Квентин украдкой взглянул на него и понял: Винтеру это и вправду необходимо было знать. В волшебных глазах молодого короля вспыхнула искра корыстного интереса, он весь насторожился, подобрался, как хищный зверь перед прыжком, и стал слушать так внимательно, как будто ему излагали факты дела, по меньшей мере, государственной важности, а не пустые домыслы захолустного барона.

– Около месяца. Мы сразу вас побоялись беспокоить, думали, само сойдет.

– Значит, треугольников четыре? – перебил собеседника Винтер.

– Да. А как вы… Ах, да… Четыре недели – четыре треугольника.

– Я могу взглянуть на них после обеда?

– Да, конечно. Мне бы очень этого хотелось.

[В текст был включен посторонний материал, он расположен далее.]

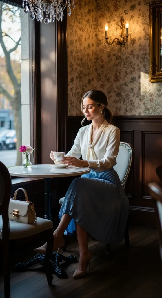 A powder blue pleated skirt paired with a soft ivory silk blouse creates movement and shine in the most graceful way. It feels polished yet still light enough for a relaxed afternoon tea.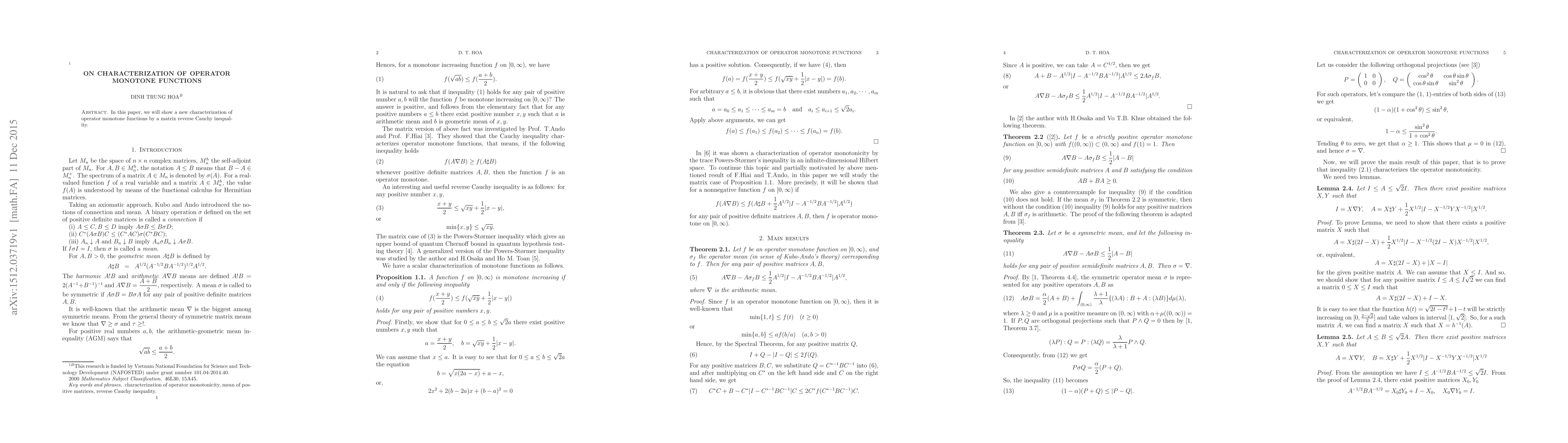 Summary: This paper introduces a novel characterization of operator monotone functions using a matrix reverse Cauchy inequality, providing a new perspective on these functions.

"Кажется, он догадался, – продолжая задумчивым взглядом изучать короля Кэрриса, подумал Венс. – Эти треугольники для него не диковинка. Как для колдуна. Интересно, как он намерен выкручиваться, ведь нормальному человеку никогда не догадаться об истинном положении вещей? Впрочем, я-то что переживаю? Не просто же так он называет себя Великим? Значит, может выкрутиться из тех ситуаций, из которых большинству других выход и не снился".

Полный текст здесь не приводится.